**What this task involves:** What are the lines below, starting at the line containing "370 敌人被打得死尸遍地,狼狈逃回。我" and ending at the line containing "Sementara itu, Pangdam"? Write them out exactly, ends included, without pictures.

**Data supplied:**
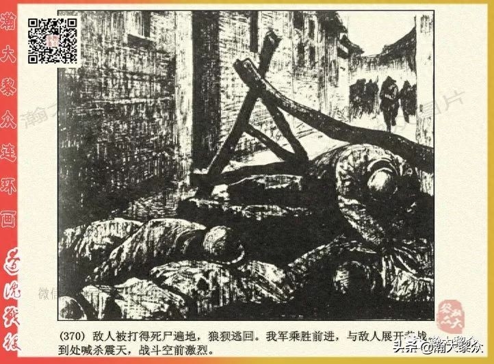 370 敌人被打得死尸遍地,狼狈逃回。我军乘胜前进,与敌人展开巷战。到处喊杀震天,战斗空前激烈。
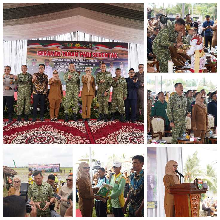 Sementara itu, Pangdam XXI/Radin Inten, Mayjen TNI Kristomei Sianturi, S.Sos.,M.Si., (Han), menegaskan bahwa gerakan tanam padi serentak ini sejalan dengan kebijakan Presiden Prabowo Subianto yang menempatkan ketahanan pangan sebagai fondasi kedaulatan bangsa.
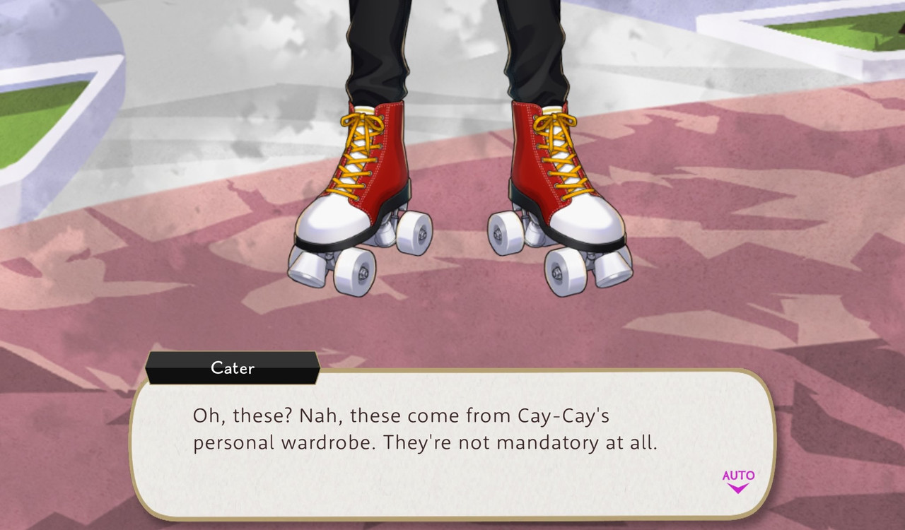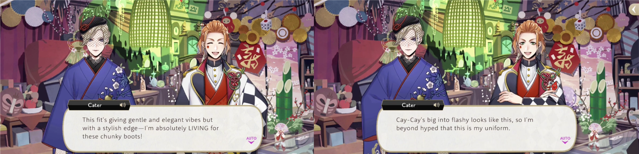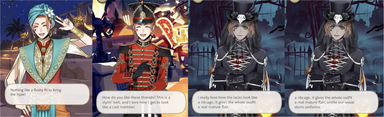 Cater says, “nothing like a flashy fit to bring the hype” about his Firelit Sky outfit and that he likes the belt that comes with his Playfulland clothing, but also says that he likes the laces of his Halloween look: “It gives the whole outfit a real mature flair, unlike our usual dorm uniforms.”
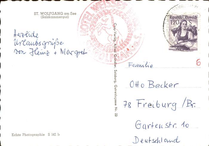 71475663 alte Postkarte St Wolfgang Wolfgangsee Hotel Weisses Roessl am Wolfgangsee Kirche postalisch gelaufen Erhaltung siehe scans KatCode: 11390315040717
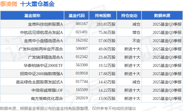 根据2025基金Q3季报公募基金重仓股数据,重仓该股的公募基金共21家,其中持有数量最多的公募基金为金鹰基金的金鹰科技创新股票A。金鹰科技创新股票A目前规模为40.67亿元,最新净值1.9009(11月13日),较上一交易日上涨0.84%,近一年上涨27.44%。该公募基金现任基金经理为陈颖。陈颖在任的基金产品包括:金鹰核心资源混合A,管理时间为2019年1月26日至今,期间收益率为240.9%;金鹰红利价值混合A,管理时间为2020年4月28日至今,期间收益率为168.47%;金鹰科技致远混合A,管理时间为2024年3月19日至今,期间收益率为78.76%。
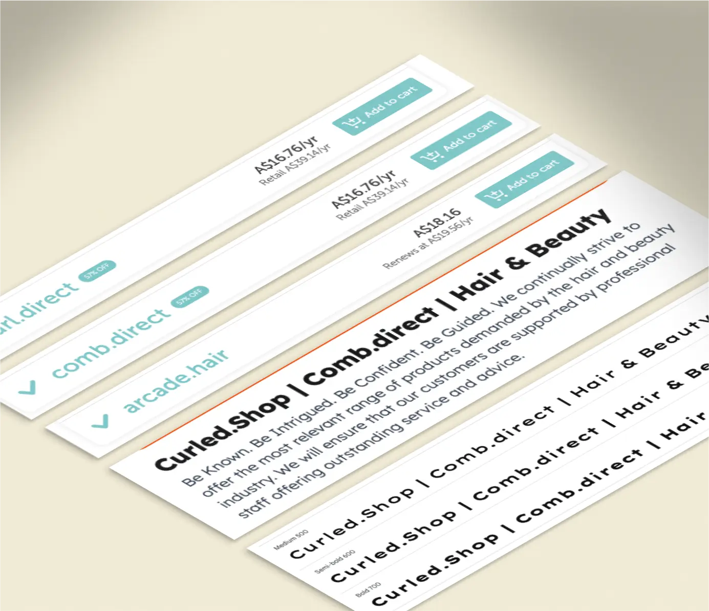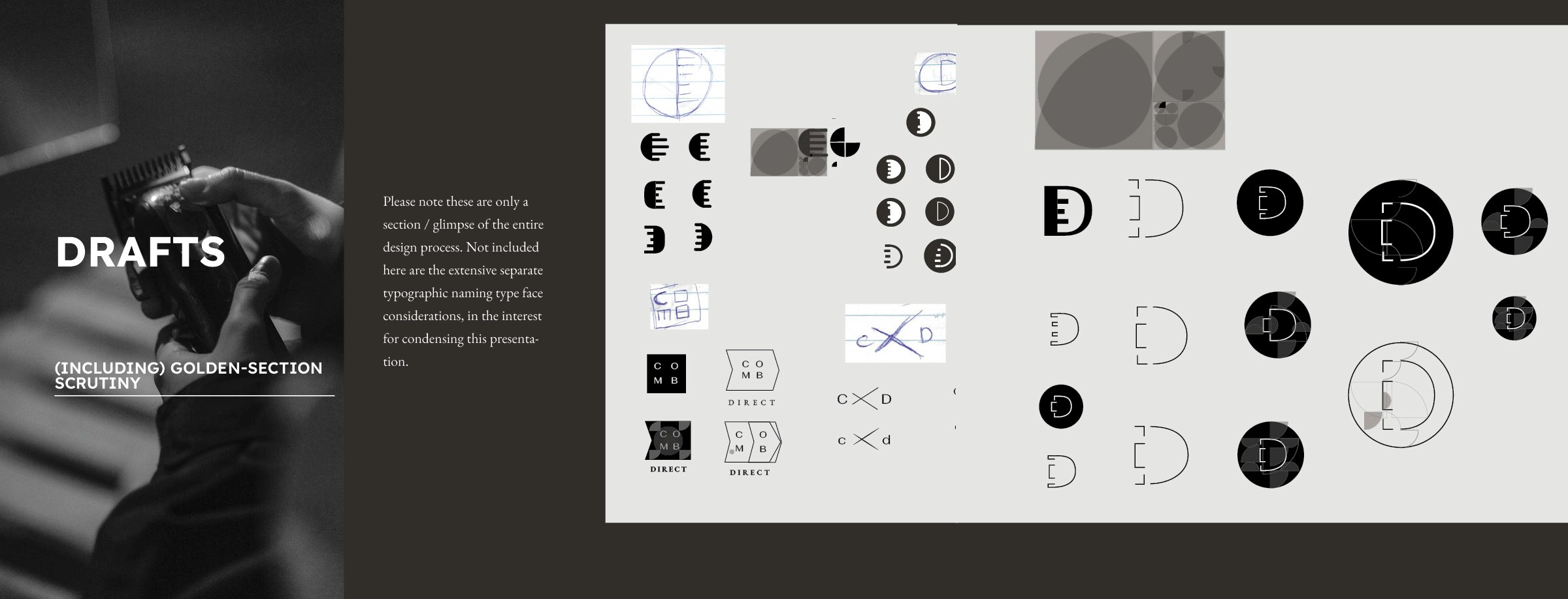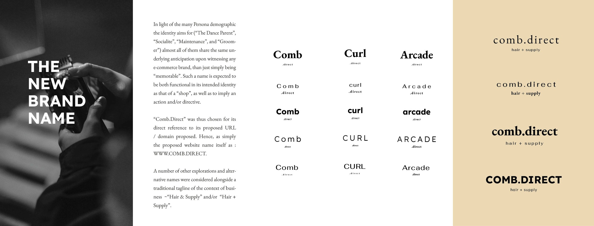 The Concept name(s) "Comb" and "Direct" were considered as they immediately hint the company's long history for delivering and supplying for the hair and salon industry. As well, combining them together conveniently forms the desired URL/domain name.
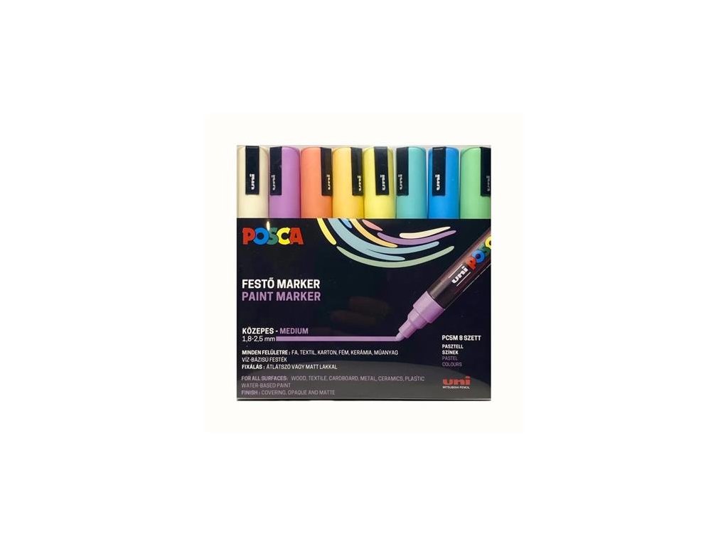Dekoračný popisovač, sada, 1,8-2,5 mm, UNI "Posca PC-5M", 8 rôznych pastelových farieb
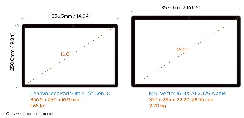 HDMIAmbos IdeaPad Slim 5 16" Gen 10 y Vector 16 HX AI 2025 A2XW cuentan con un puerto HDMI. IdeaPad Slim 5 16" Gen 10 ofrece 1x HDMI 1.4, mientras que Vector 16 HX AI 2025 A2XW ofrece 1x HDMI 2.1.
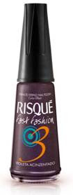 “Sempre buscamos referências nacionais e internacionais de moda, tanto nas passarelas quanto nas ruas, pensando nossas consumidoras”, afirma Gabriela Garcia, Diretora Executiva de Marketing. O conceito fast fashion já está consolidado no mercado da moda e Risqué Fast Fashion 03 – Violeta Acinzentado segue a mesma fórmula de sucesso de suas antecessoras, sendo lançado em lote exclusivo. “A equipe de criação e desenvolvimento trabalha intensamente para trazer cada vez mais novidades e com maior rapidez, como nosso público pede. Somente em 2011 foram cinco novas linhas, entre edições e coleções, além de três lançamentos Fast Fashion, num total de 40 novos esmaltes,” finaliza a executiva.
* * *
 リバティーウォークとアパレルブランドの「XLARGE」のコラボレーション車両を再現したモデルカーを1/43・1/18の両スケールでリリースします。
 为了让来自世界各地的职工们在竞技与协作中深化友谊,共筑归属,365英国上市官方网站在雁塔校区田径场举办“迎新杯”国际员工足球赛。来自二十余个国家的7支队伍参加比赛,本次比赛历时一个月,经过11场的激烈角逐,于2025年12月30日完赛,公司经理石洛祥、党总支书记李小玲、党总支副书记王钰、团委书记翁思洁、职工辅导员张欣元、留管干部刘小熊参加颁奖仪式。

**Answer section:**
 370 敌人被打得死尸遍地,狼狈逃回。我军乘胜前进,与敌人展开巷战。到处喊杀震天,战斗空前激烈。
 Sementara itu, Pangdam XXI/Radin Inten, Mayjen TNI Kristomei Sianturi, S.Sos.,M.Si., (Han), menegaskan bahwa gerakan tanam padi serentak ini sejalan dengan kebijakan Presiden Prabowo Subianto yang menempatkan ketahanan pangan sebagai fondasi kedaulatan bangsa.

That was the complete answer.